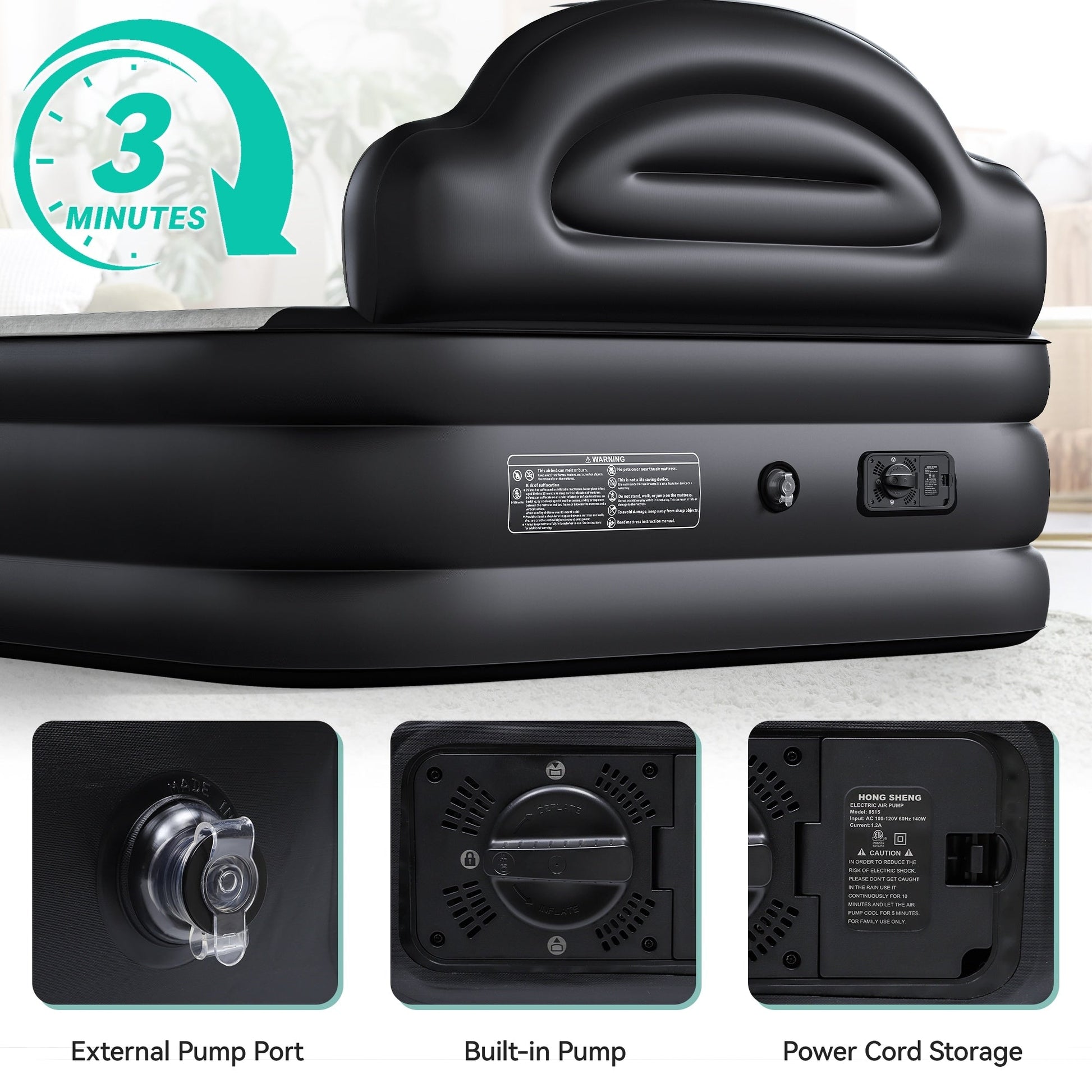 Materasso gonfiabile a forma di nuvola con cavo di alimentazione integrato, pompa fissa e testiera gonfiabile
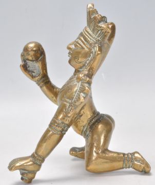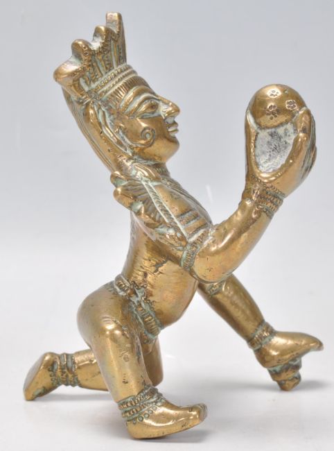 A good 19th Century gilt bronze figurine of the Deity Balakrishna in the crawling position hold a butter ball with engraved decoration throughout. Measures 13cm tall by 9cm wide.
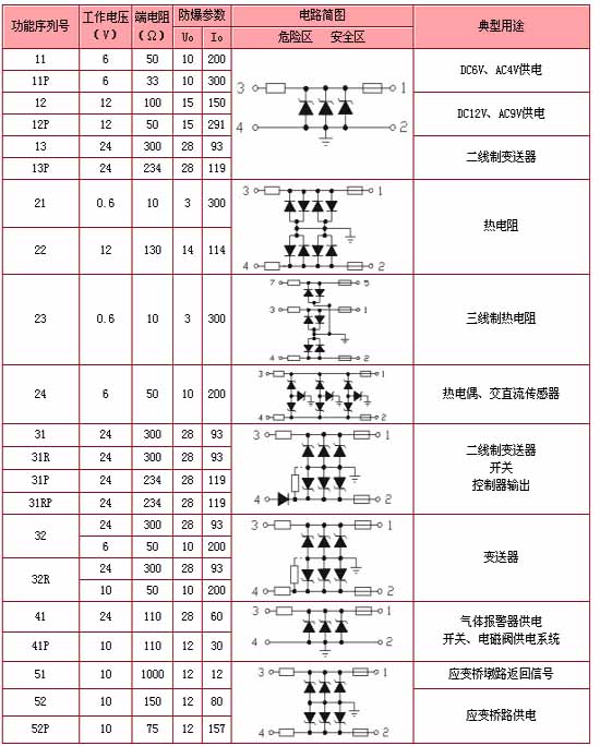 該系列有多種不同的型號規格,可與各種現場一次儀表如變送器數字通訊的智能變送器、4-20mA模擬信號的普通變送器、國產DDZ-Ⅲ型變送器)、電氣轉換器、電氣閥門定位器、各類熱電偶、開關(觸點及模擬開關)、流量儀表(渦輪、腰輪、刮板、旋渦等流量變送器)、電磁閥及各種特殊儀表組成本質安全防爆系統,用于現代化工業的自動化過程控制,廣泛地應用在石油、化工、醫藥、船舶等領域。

Work task
From the data above, write out everything exactly except the pictures.

Problem solution
 Materasso gonfiabile a forma di nuvola con cavo di alimentazione integrato, pompa fissa e testiera gonfiabile
 A good 19th Century gilt bronze figurine of the Deity Balakrishna in the crawling position hold a butter ball with engraved decoration throughout. Measures 13cm tall by 9cm wide.
 該系列有多種不同的型號規格,可與各種現場一次儀表如變送器數字通訊的智能變送器、4-20mA模擬信號的普通變送器、國產DDZ-Ⅲ型變送器)、電氣轉換器、電氣閥門定位器、各類熱電偶、開關(觸點及模擬開關)、流量儀表(渦輪、腰輪、刮板、旋渦等流量變送器)、電磁閥及各種特殊儀表組成本質安全防爆系統,用于現代化工業的自動化過程控制,廣泛地應用在石油、化工、醫藥、船舶等領域。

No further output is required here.